Thanks for the new nutchwax release 0.8.0
I haven't yet studied it deeper, only test-indexed one
collection. I had a problem with pdf files because a script
'parse-pdf' is missing. I can't find it in nutchwax-0.8.0/bin
Yes, I have xpdf installed in path but I guess this script
is needed to launch it?
Quote from logs =>
'External command /bin/bash ./bin/parse-pdf.sh failed with error:
/bin/bash: ./bin/parse-pdf.sh: No such file or directory..'
Otherwise, it's very useful to now have incremental indexing
and multiple collections in a single index.
Best,
Kaisa
---------- Forwarded message ----------
Date: Tue, 12 Dec 2006 17:45:20 -0800
From: Michael Stack <st...@ar...>
To: arc...@li...
Subject: [Archive-access-discuss] [ANN] nutchwax-0.8.0 released
This note is to announce release of NutchWAX 0.8.0. Its available for
download from sourceforge at
http://sourceforge.net/project/showfiles.php?group_id=118427&package_id=128933&release_id=470852.

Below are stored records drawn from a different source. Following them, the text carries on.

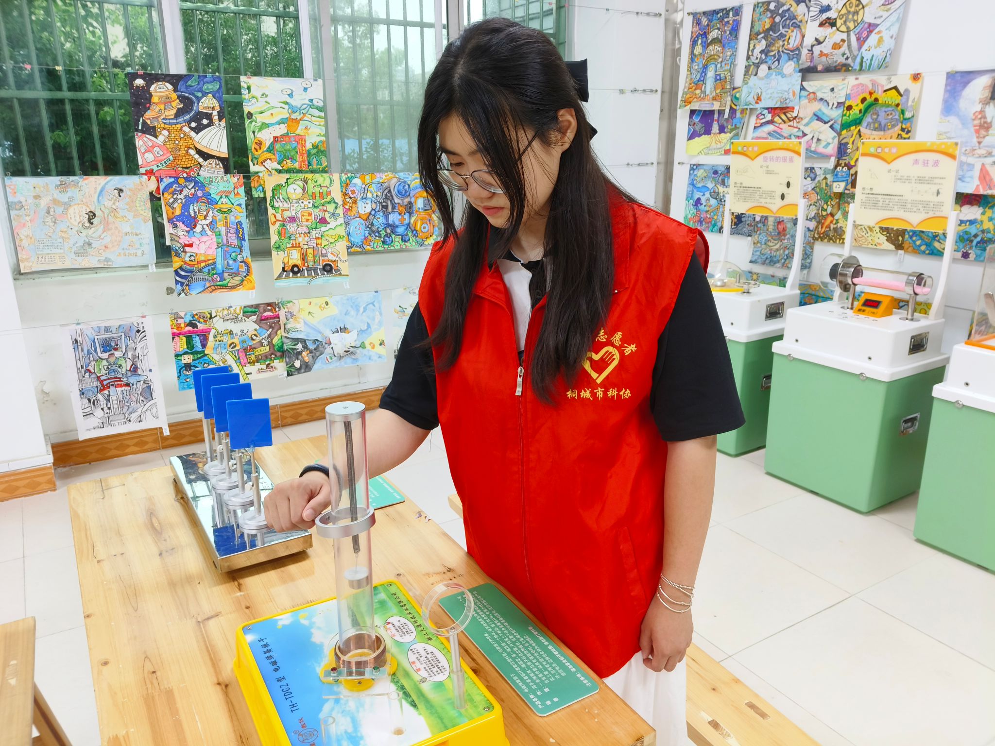 来自农学院种子科学与工程234班的姚彧,作为学生志愿者,经过前期的精心准备,提供生动有趣的科学实验演示,细心为小朋友们讲解各种科技展品背后的工作原理,让小朋友们在玩乐中学习,在实践中探索。声光体验、电磁奥秘、身体构造、机械电能等科学原理,让小朋友们充满好奇,带给他们无尽的收获与喜悦,在孩子们心灵深处种上科学之花的种子。安科学子耐心为参观者解答每一个问题,用简单易懂的语言解释复杂的科学概念,使得科普活动既富有教育意义又不失趣味性。
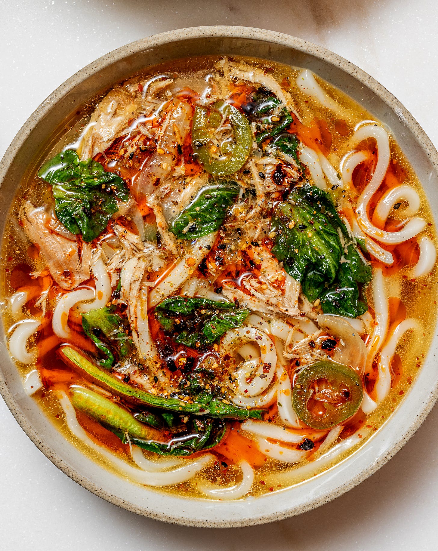 Wipe out the pot and heat a little oil over medium. Add a sliced onion and cook for 5 minutes. Add a big pinch of shichimi togarashi and the shredded chicken. Pour in the stock and bring it to a boil. Add 1–2 teaspoons of dashi powder, if you like, and 2 sliced jalapeños. Reduce heat and simmer for 20 minutes. Add greens, like tatsoi, spinach, or bok choy, and cook until bright green. Finish with a drizzle of sesame oil and a splash of mirin. Taste and season.
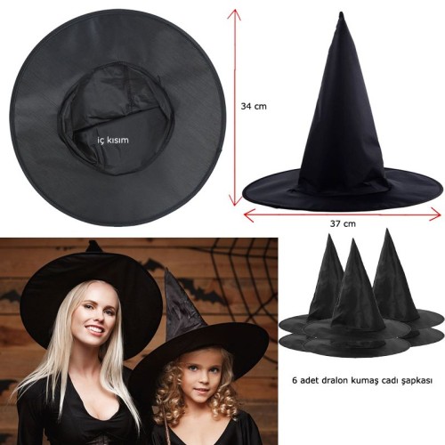 Halloween Siyah Renk Dralon Kumaş Cadı Şapkası Yetişkin Çocuk Uyumlu 6 Adet
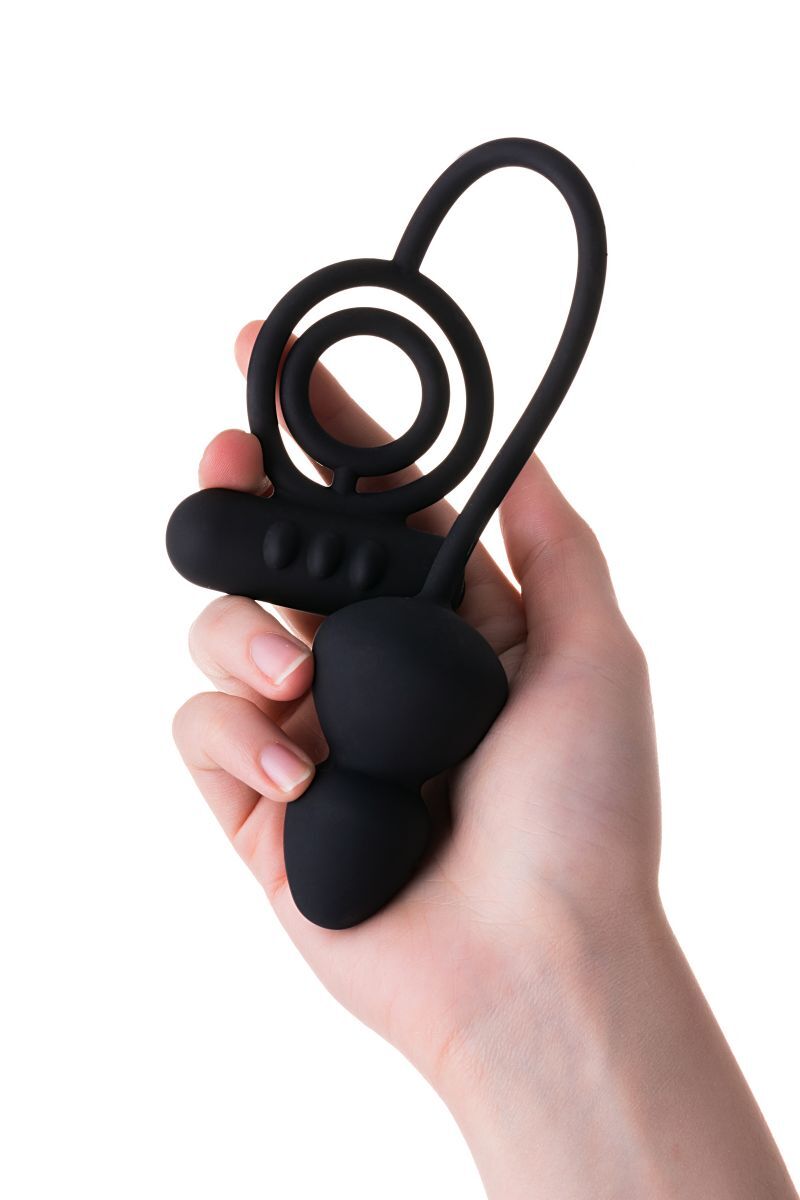 Чёрное эрекционное кольцо с вибростимулятором и анальным хвостом — это игрушка 4-в-1, делающая мужскую силу масштабнее, а удовольствие объемнее. Конусообразная анальная пробка дарит комфортную анальную стимуляцию и эффективный массаж простаты. Эластичное эрекционное кольцо продлевает и усиливает эрекцию. Кольцо для мошонки улучшает эякуляцию и делает оргазм мощнее. Влагостойкая вибропуля посылает захватывающие вибрации и делает ваш пенис тверже, чем когда-либо. Диаметр подхвата для мошонки - 4 см. Длина анальной пробки - 6,5 см, диаметр - 4 см.
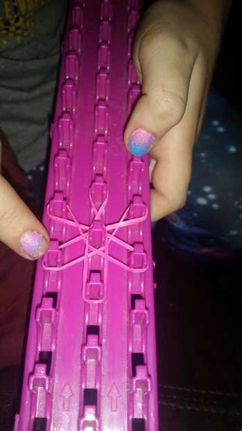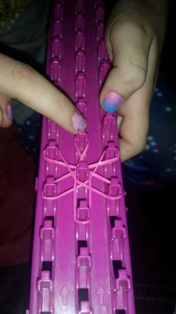 2. Comience con 6 bandas de caucho. Hacer un ciclo infinito pero estira 2.
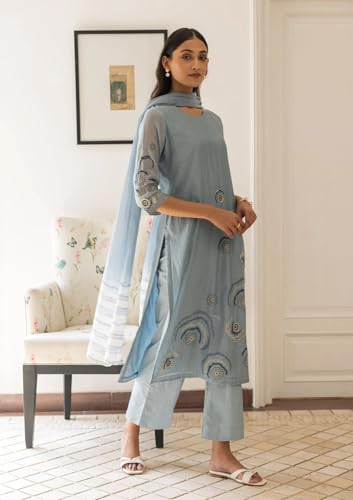 Anni Designer Women'S Rayon Viscose Printed Straight Kurta With Pant & Dupatta (Gana Blue_L_Blue_Large),Blue,L,Rayon Blend,Classic,
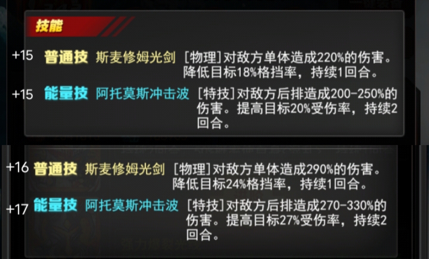 +17能量技阿托莫斯冲击波[特技]对敌方后排造成270-330%的伤害。提高目标27%受伤率,持续2
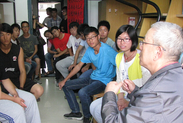 为了帮助2014级新生更好地适应大学生活,关工委组织40多位离退休老同志深入秀山校区近200个新生宿舍,开展走访座谈活动。今年新生宿舍走访活动围绕“践行价值观,共筑中国梦”主题进行。老同志们向同学们阐释了社会主义核心价值观的内容和内涵,希望同学们从现在做起、从自己做起,在学习、生活、工作、待人处事等方面努力学习践行社会主义核心价值观,树立自己的人生目标,规划好大学四年的生活,珍惜时光,勤奋学习,将来为实现中国梦贡献力量。老同志们结合专业知识向同学们介绍大学的学习方法,结合自身经历跟同学们谈理想和行动的关系,给同学们提出中肯的成长成才建议……还有老同志带来自己的书法作品表达自己对同学们的期望。老同志们用满腔的热忱,像亲人般叮嘱、教导着学生们,学生们也敞开心扉,虚心向老同志求教,向老同志倾诉自己的心声,包括自己在思想、学习和生活上遇到的困惑、困难及问题。
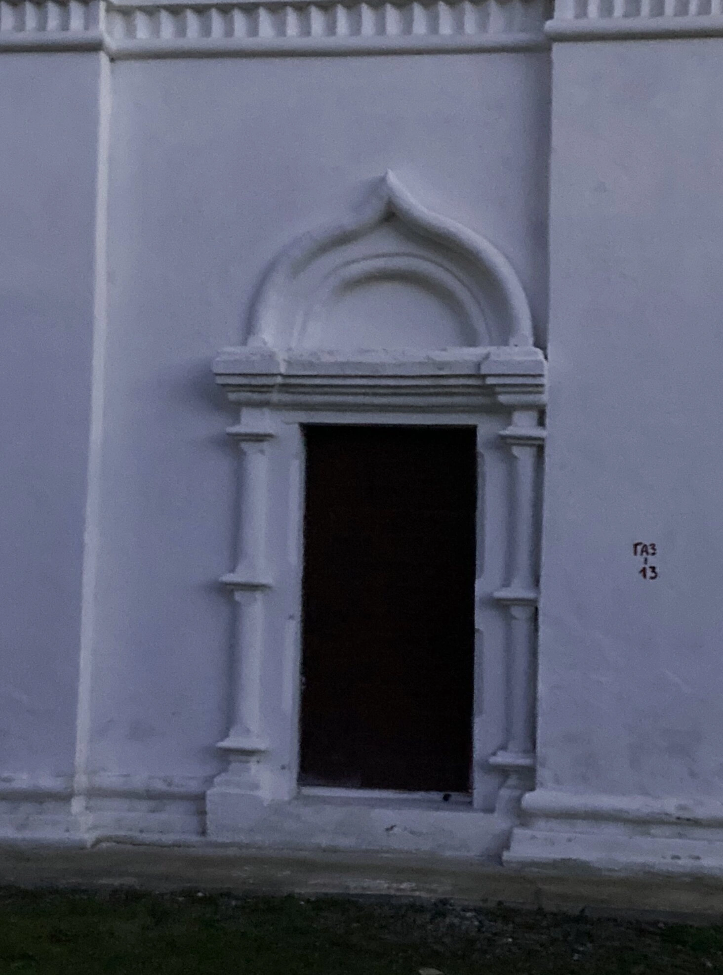 Особого внимания заслуживает сохранившаяся деталь — рельефная надпись «m3», а также цифры «13», которые, вероятно, являются меткой каменотёса или поздней нумерацией. Каждый элемент декора храма исполнен глубокого смысла и служит не только украшению, но и выражению православного мировоззрения через архитектурные формы.

NutchWAX 0.8.0 is built against Nutch 0.8.1, released 09/24/2006. A
version of this software was recently used to make an index of greater
than 400 million documents. See Release Notes
[http://archive-access.sourceforge.net/projects/nutch/articles/releasenotes.html]
for significant changes and fixes since NutchWAX 0.6.0. The site
documentation has also been significantly revised.
Yours,
Internet Archive Webteam
|